TASK STATEMENT:
In the material below, pictures must be dropped. Repeat exactly, and only, the lines from the line with "7月9日,上游新闻记者从江北" to the line with "A delicate bluebell", both ends included.

INFORMATION GIVEN:
------------------------------------
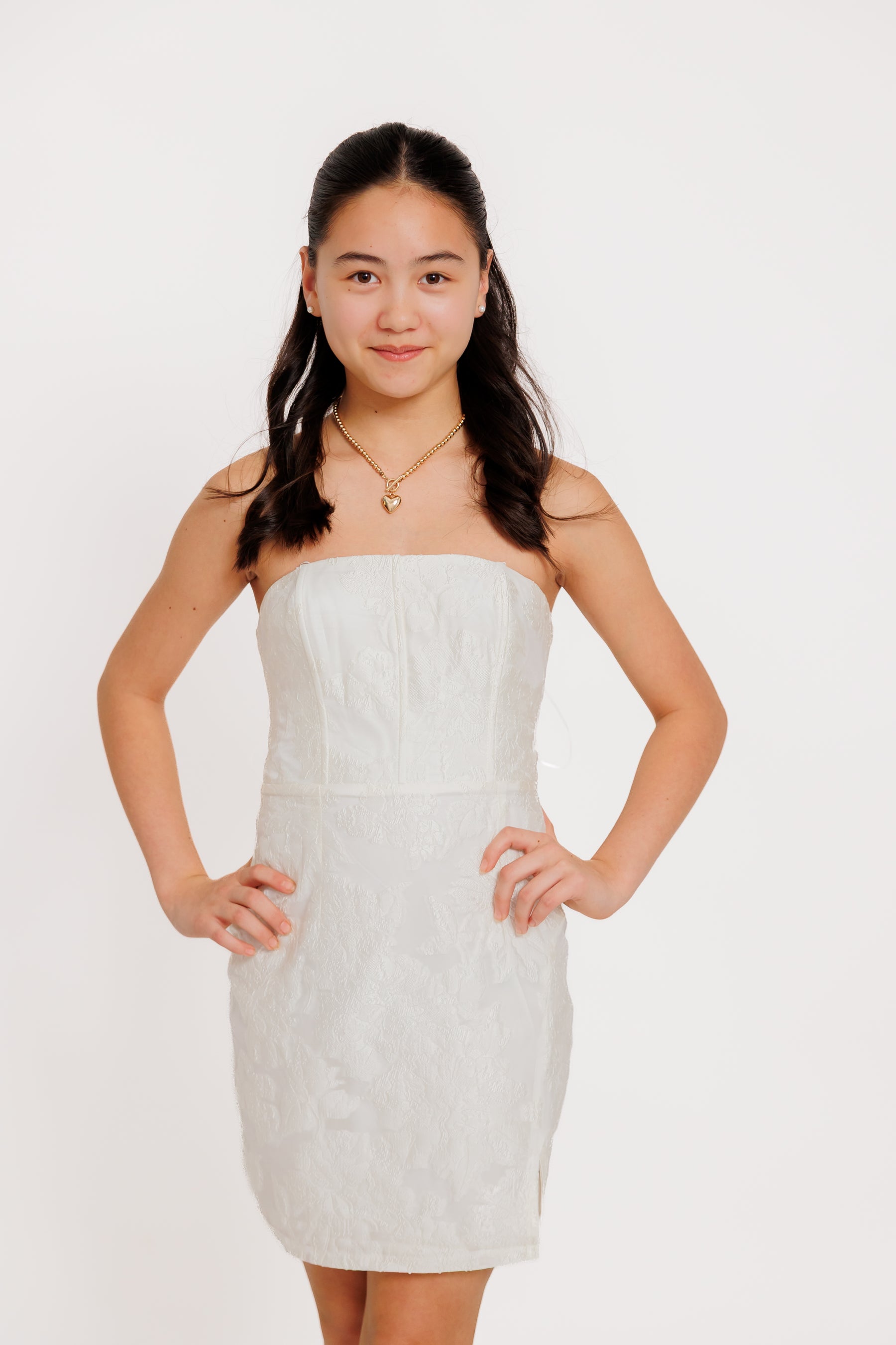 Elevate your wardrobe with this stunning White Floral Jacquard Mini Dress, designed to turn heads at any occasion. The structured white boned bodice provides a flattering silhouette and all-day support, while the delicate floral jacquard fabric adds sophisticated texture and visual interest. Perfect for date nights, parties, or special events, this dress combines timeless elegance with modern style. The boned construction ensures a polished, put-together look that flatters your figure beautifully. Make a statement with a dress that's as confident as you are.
------------------------------------
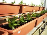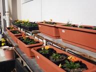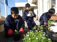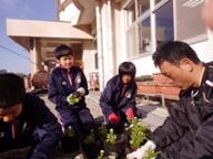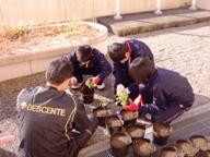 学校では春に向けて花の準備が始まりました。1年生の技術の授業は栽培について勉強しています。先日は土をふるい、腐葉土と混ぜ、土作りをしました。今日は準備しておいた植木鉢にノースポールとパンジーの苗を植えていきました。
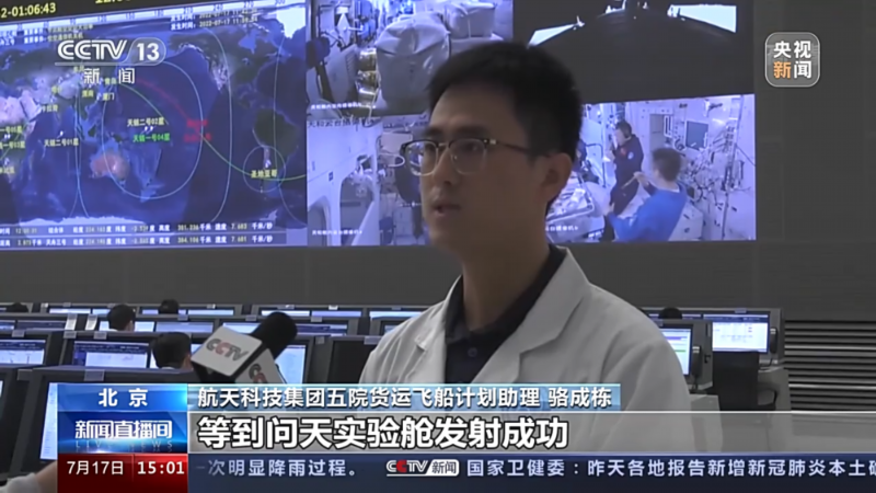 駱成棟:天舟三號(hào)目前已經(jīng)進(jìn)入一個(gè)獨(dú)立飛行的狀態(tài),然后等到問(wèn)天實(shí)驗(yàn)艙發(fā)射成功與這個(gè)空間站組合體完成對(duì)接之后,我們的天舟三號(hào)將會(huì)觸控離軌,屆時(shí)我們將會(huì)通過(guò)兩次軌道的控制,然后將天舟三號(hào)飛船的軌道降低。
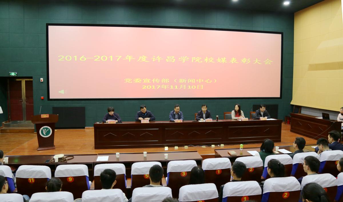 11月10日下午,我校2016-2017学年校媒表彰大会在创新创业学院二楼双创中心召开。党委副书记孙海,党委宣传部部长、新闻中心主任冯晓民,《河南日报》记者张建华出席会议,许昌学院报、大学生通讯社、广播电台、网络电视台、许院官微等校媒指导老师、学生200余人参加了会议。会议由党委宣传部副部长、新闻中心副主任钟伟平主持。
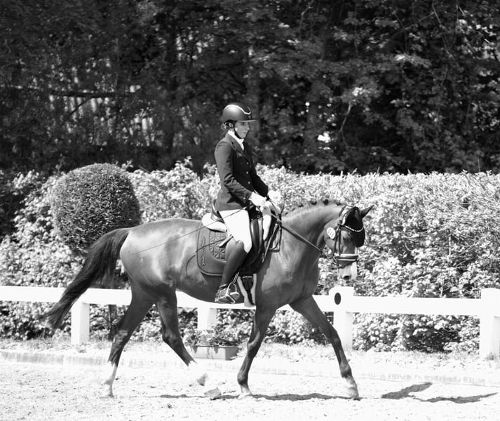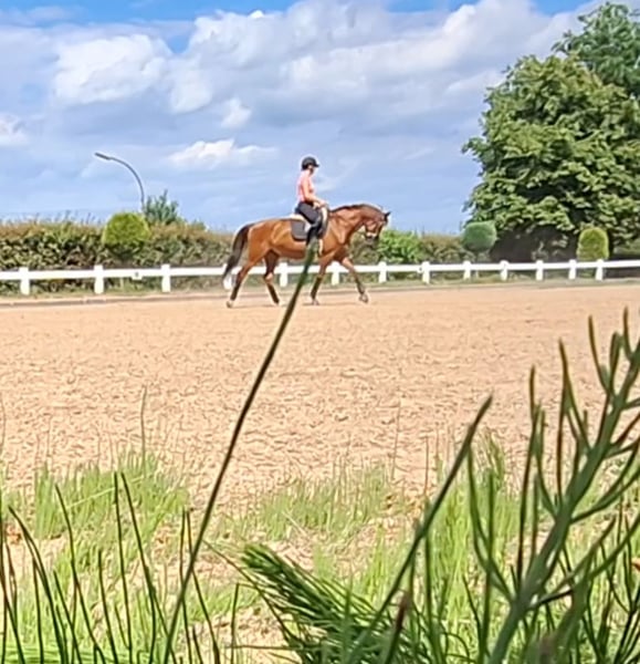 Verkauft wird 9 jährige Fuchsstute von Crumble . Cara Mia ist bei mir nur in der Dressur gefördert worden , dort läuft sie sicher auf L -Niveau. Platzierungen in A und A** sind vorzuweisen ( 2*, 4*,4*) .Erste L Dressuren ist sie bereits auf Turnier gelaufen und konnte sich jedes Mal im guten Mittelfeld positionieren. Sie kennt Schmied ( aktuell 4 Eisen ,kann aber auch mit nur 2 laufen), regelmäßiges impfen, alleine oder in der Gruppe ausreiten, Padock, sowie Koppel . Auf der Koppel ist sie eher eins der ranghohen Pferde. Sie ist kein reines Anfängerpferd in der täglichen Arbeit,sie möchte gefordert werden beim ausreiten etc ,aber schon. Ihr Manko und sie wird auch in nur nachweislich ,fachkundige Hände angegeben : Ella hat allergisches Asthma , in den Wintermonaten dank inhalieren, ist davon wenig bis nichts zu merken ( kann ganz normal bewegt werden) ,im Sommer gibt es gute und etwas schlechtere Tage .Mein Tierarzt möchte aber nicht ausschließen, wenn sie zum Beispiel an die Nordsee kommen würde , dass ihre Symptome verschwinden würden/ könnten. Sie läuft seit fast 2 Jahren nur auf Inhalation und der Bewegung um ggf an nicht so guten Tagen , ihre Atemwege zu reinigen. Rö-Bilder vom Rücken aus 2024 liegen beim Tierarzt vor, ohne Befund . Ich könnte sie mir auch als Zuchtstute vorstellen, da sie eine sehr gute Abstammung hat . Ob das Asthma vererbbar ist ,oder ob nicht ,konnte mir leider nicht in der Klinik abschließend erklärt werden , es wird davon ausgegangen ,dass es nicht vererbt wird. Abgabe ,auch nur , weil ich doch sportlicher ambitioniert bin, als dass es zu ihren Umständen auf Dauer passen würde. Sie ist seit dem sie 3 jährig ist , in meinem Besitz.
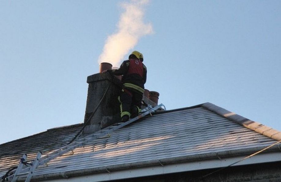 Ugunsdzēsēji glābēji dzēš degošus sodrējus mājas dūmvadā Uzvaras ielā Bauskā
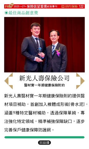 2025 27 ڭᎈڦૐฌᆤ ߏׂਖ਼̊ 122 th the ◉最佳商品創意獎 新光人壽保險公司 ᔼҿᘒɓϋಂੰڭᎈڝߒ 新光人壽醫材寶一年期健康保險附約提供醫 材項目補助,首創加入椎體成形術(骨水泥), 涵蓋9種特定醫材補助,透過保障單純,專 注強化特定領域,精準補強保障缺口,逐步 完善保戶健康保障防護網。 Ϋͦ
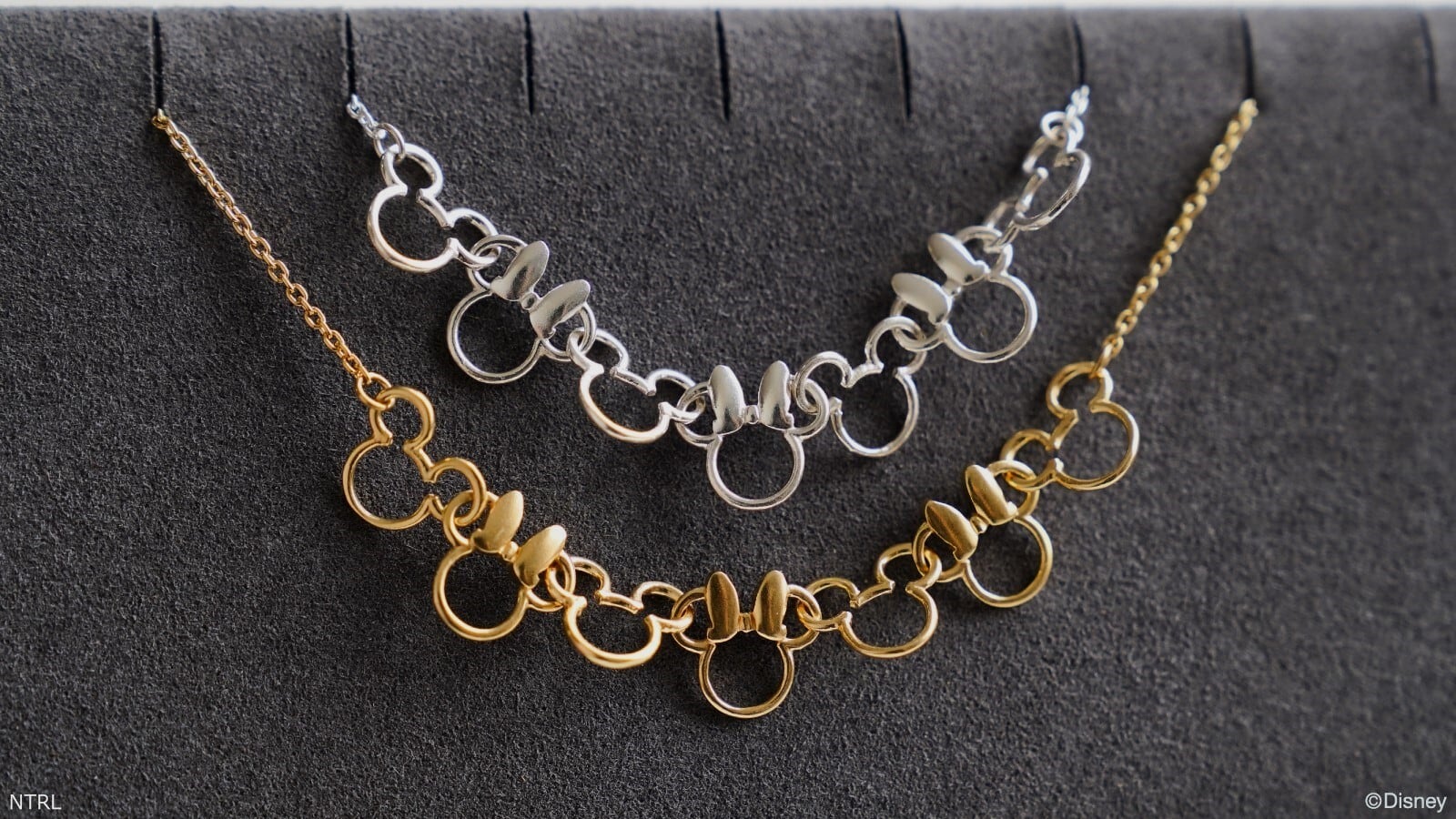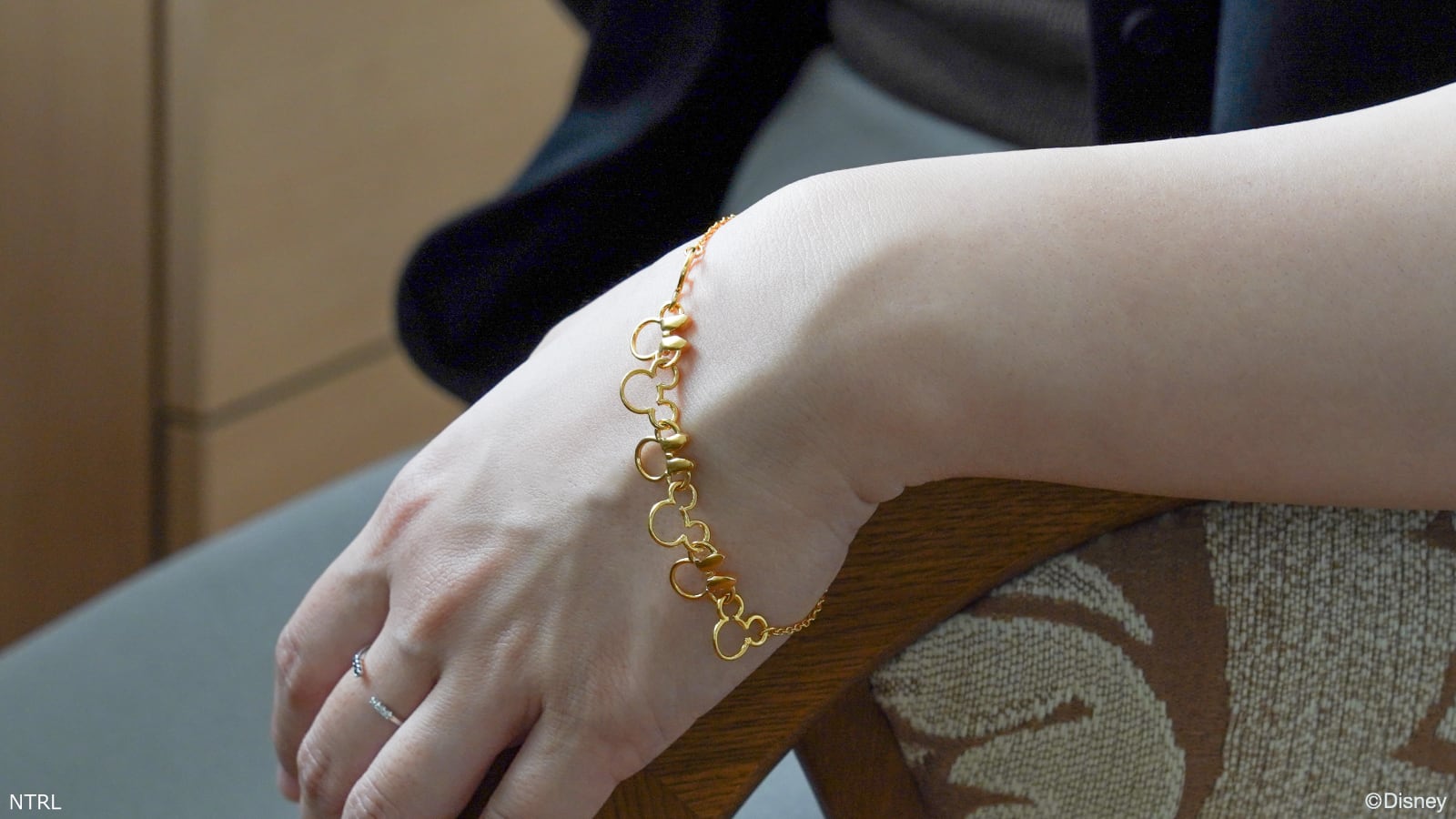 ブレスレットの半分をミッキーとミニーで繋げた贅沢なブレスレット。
------------------------------------
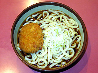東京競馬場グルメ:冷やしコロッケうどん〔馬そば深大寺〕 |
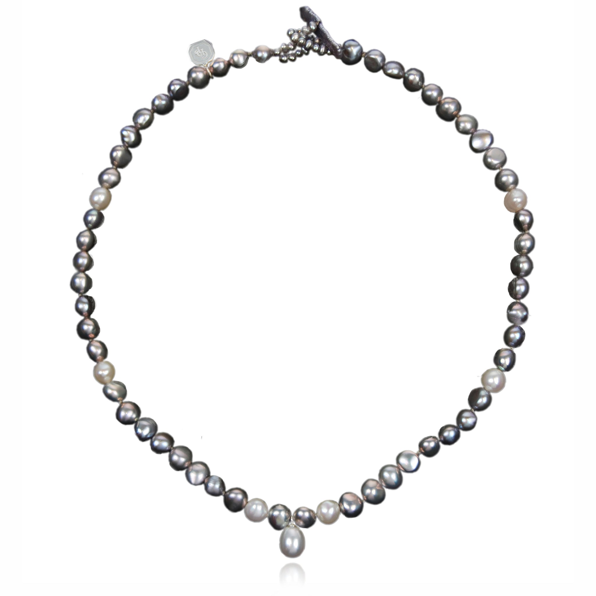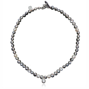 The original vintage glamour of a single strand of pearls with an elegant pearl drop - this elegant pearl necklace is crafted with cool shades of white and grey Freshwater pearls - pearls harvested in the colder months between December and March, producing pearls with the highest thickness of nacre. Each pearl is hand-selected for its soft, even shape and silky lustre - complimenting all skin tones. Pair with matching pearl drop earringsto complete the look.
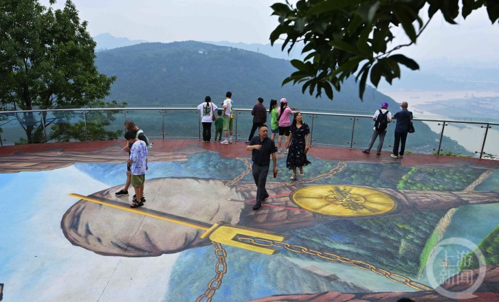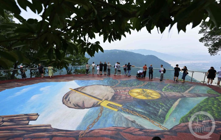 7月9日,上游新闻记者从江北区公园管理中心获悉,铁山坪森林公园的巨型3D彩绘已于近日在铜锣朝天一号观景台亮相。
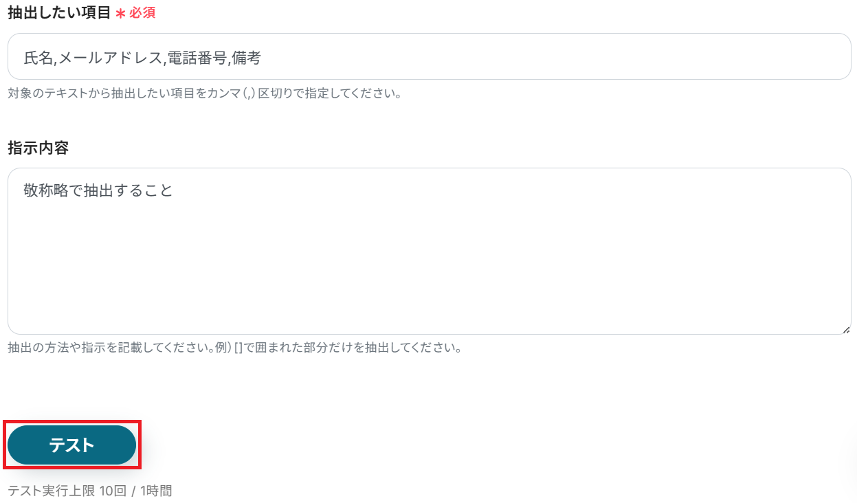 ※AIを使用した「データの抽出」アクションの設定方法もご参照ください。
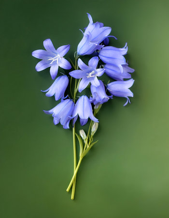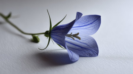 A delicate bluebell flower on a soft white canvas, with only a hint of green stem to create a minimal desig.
------------------------------------
TASK ANSWER:
 7月9日,上游新闻记者从江北区公园管理中心获悉,铁山坪森林公园的巨型3D彩绘已于近日在铜锣朝天一号观景台亮相。
 ※AIを使用した「データの抽出」アクションの設定方法もご参照ください。
 A delicate bluebell flower on a soft white canvas, with only a hint of green stem to create a minimal desig.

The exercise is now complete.